Brief: In the data below, find the line with "Includes marked wooden" and the line with "Советники директоров по", then restate both and every line between them exactly, minus the pictures.

Extracted information:
◇ ◇ ◇

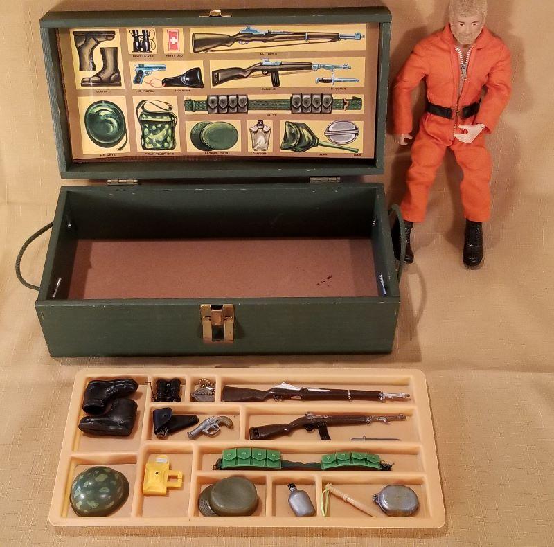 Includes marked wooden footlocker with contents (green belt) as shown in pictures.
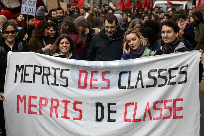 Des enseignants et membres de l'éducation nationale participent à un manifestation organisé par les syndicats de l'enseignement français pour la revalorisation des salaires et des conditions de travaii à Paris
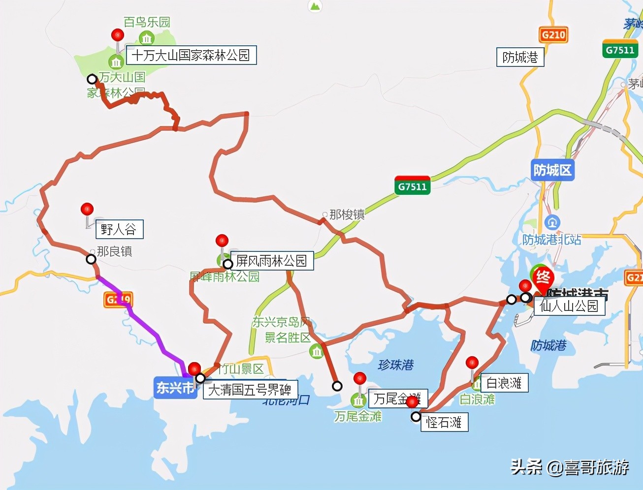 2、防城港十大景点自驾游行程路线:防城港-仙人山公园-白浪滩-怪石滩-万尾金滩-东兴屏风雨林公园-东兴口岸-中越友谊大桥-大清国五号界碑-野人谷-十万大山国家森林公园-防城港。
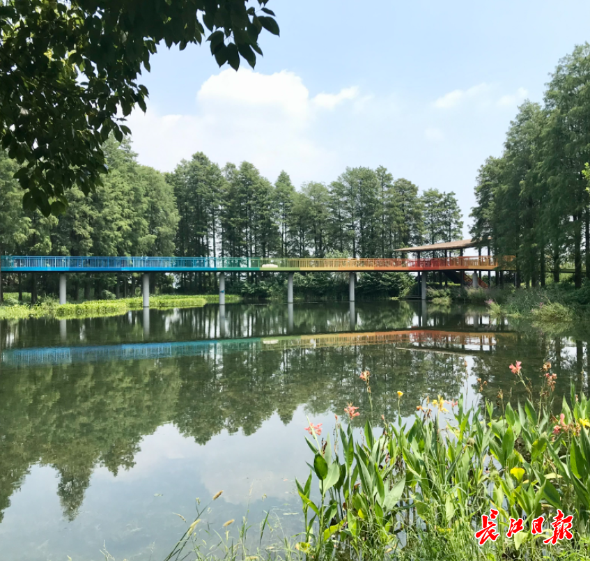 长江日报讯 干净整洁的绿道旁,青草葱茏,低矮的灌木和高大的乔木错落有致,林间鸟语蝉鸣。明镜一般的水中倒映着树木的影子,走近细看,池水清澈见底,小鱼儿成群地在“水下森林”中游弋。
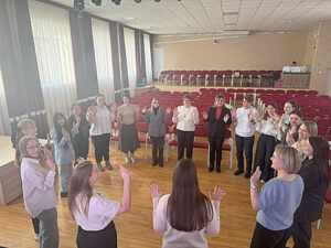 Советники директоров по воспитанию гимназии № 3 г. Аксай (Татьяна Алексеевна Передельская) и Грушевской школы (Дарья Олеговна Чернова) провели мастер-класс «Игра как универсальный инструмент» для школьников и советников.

◇ ◇ ◇

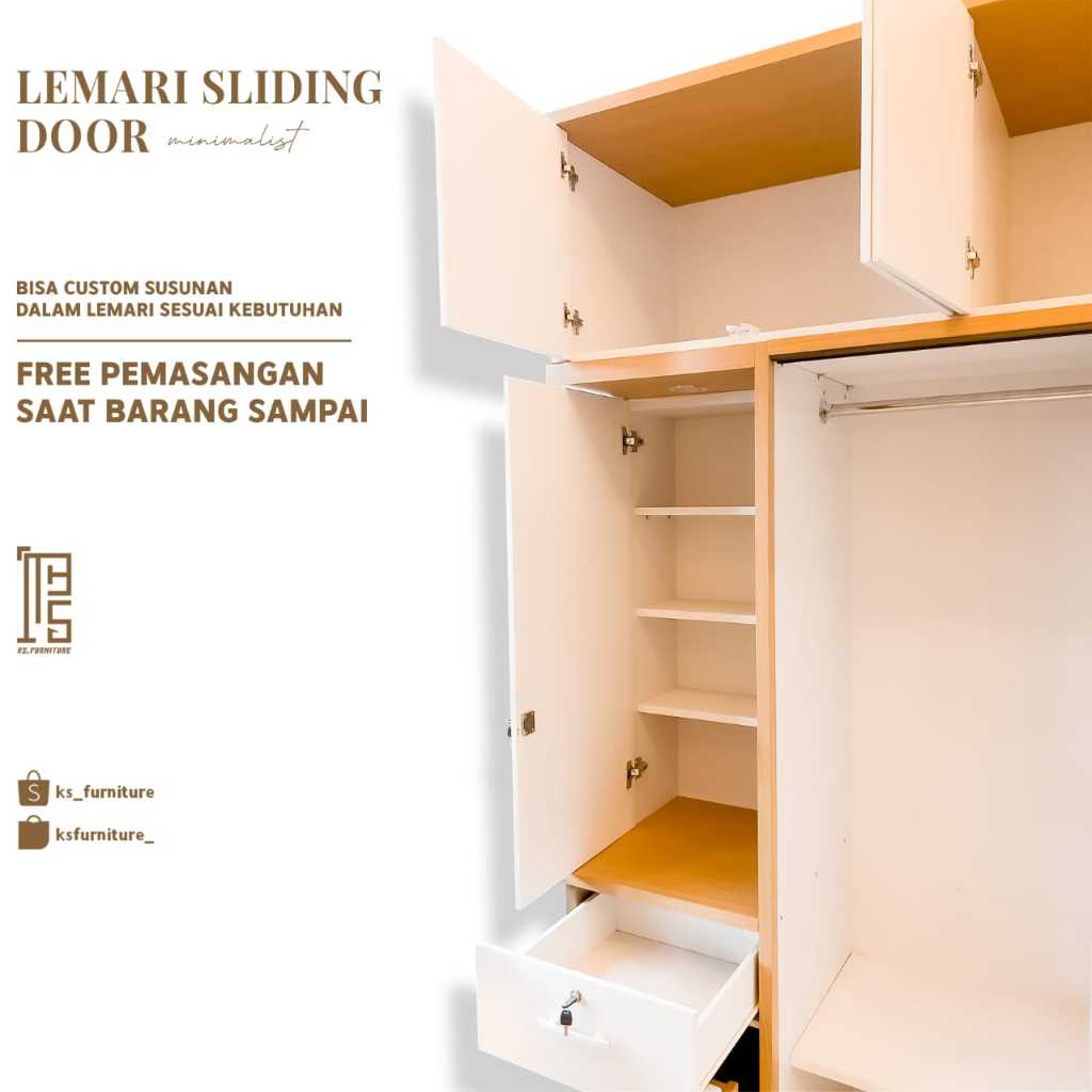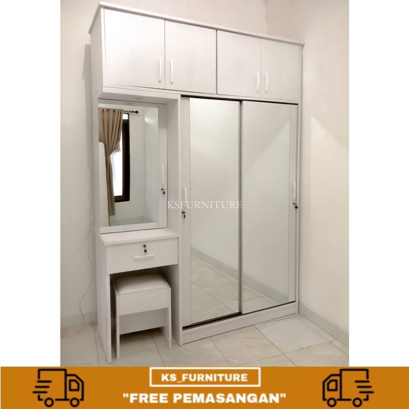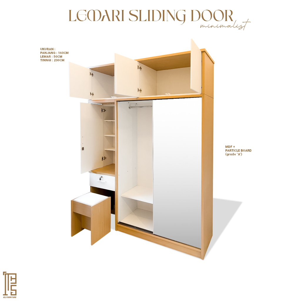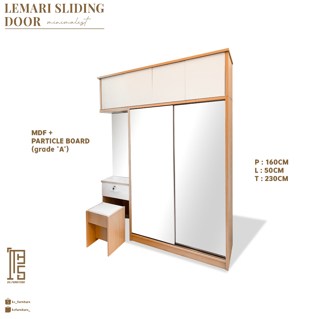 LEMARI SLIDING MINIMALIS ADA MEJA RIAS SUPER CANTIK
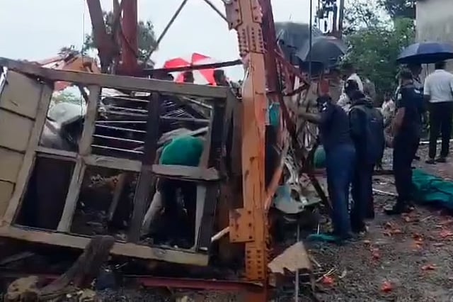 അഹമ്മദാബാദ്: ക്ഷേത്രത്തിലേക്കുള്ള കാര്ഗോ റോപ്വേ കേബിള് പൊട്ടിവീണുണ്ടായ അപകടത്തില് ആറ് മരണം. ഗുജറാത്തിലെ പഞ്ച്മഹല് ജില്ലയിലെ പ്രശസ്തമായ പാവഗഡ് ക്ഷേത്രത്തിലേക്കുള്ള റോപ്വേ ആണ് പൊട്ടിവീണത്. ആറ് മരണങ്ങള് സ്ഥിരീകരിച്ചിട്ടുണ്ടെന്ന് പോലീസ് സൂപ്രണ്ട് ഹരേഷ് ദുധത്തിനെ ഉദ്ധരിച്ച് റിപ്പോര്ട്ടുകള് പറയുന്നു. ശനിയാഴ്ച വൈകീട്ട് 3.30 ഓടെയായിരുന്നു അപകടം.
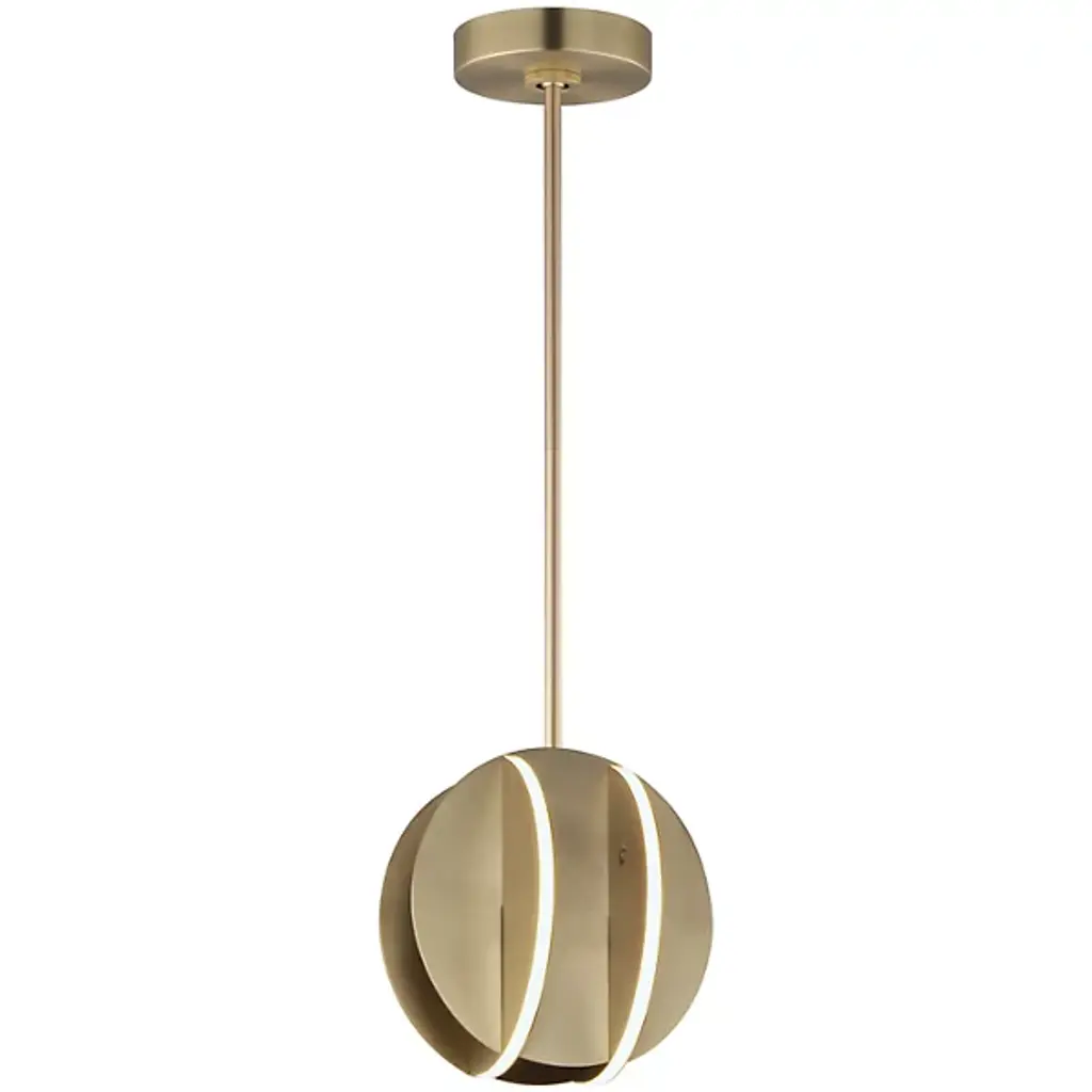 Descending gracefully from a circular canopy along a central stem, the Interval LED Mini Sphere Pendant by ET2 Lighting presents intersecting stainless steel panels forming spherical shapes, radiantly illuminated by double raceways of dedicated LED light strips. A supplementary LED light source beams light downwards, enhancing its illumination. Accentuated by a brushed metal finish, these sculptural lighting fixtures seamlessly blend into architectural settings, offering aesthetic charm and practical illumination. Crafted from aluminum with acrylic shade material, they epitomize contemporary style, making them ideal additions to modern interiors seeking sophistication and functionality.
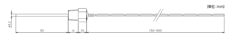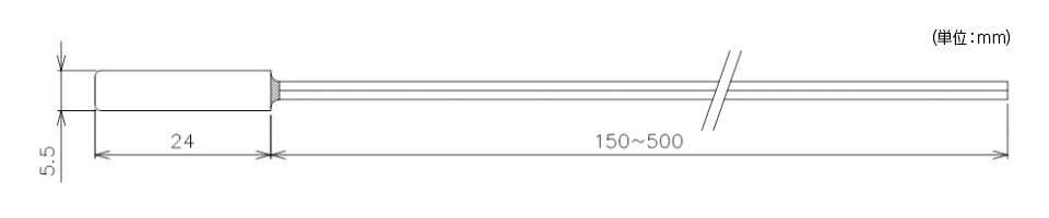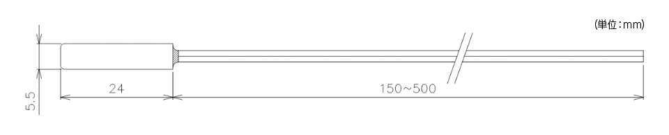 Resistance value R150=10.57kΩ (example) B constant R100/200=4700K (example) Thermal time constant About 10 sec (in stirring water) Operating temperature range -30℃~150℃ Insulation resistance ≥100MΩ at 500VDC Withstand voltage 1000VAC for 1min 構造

◇ ◇ ◇

Exercise answer:
 Includes marked wooden footlocker with contents (green belt) as shown in pictures.
 Des enseignants et membres de l'éducation nationale participent à un manifestation organisé par les syndicats de l'enseignement français pour la revalorisation des salaires et des conditions de travaii à Paris
 2、防城港十大景点自驾游行程路线:防城港-仙人山公园-白浪滩-怪石滩-万尾金滩-东兴屏风雨林公园-东兴口岸-中越友谊大桥-大清国五号界碑-野人谷-十万大山国家森林公园-防城港。
 长江日报讯 干净整洁的绿道旁,青草葱茏,低矮的灌木和高大的乔木错落有致,林间鸟语蝉鸣。明镜一般的水中倒映着树木的影子,走近细看,池水清澈见底,小鱼儿成群地在“水下森林”中游弋。
 Советники директоров по воспитанию гимназии № 3 г. Аксай (Татьяна Алексеевна Передельская) и Грушевской школы (Дарья Олеговна Чернова) провели мастер-класс «Игра как универсальный инструмент» для школьников и советников.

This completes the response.